### Work required
Which lines of the entries below run from the one holding "The card is" to the one holding "- отряды 5 и", inclusive? Set down exactly those lines and no others.

### Records provided

_ _ _

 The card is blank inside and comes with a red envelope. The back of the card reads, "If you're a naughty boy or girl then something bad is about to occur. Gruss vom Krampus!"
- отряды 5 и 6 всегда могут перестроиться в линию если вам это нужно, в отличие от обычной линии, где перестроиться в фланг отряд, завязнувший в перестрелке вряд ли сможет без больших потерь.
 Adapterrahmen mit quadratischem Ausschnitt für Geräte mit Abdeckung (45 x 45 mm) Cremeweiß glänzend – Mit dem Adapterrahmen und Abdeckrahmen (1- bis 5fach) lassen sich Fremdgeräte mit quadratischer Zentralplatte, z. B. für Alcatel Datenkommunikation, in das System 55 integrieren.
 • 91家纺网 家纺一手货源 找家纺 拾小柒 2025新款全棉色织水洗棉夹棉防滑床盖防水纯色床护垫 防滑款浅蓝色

_ _ _

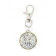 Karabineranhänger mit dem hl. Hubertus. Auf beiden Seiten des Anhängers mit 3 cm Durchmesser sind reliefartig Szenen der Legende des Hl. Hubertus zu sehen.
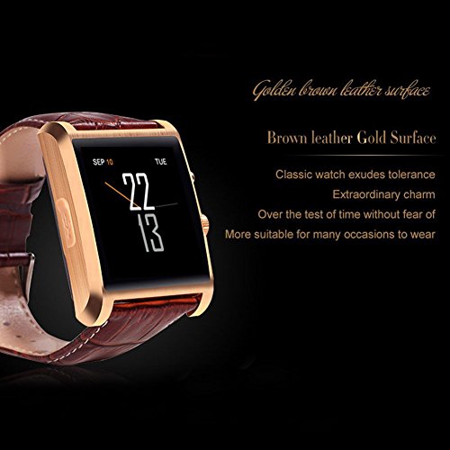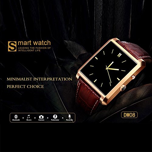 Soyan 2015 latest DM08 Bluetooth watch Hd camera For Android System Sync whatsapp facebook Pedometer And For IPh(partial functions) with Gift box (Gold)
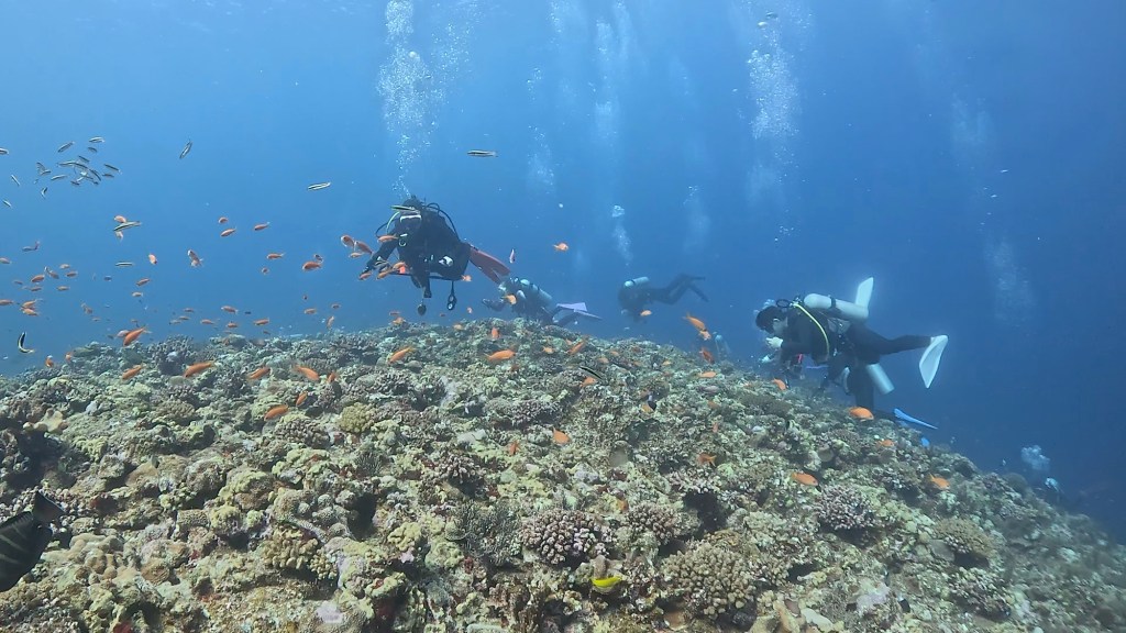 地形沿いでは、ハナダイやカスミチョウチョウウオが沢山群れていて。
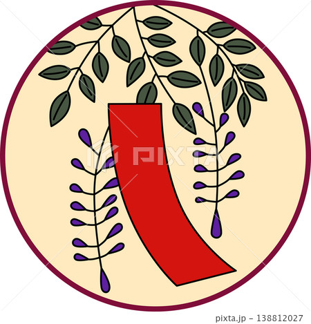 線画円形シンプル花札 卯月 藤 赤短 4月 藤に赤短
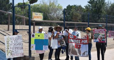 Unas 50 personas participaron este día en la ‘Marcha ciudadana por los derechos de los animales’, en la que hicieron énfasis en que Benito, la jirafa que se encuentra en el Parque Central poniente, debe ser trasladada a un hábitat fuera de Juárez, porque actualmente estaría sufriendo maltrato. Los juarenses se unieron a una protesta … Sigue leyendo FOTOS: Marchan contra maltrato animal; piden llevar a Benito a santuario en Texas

_ _ _

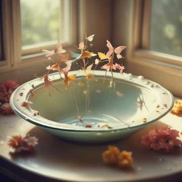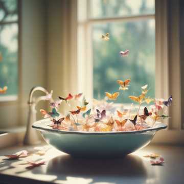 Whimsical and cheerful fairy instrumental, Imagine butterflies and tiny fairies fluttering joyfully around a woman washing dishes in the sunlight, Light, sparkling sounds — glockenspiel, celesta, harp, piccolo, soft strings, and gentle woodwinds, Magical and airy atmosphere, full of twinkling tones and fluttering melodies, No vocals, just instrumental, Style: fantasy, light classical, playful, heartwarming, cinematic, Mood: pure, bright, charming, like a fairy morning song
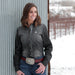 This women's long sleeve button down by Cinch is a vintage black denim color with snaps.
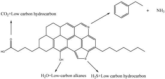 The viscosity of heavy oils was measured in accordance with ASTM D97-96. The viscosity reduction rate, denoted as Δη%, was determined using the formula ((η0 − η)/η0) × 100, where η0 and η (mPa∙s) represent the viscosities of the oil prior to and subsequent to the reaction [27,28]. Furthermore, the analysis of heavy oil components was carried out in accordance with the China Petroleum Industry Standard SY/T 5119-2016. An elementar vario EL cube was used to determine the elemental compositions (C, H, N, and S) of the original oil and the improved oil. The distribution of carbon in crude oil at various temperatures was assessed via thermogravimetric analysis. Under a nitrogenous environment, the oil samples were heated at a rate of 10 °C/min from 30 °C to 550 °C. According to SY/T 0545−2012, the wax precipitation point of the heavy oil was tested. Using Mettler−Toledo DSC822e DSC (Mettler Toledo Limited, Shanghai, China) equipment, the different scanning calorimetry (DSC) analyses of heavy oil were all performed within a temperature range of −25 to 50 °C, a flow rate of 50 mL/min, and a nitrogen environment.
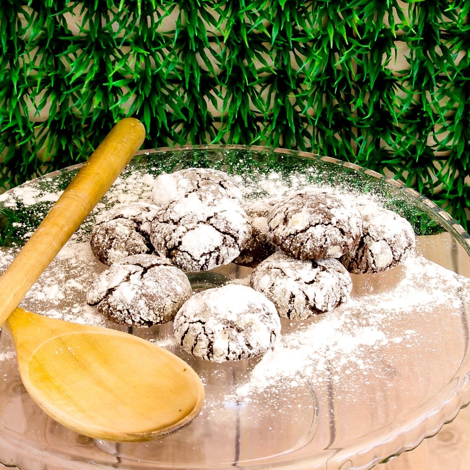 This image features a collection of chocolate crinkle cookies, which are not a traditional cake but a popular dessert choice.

_ _ _

### Output
 The card is blank inside and comes with a red envelope. The back of the card reads, "If you're a naughty boy or girl then something bad is about to occur. Gruss vom Krampus!"
- отряды 5 и 6 всегда могут перестроиться в линию если вам это нужно, в отличие от обычной линии, где перестроиться в фланг отряд, завязнувший в перестрелке вряд ли сможет без больших потерь.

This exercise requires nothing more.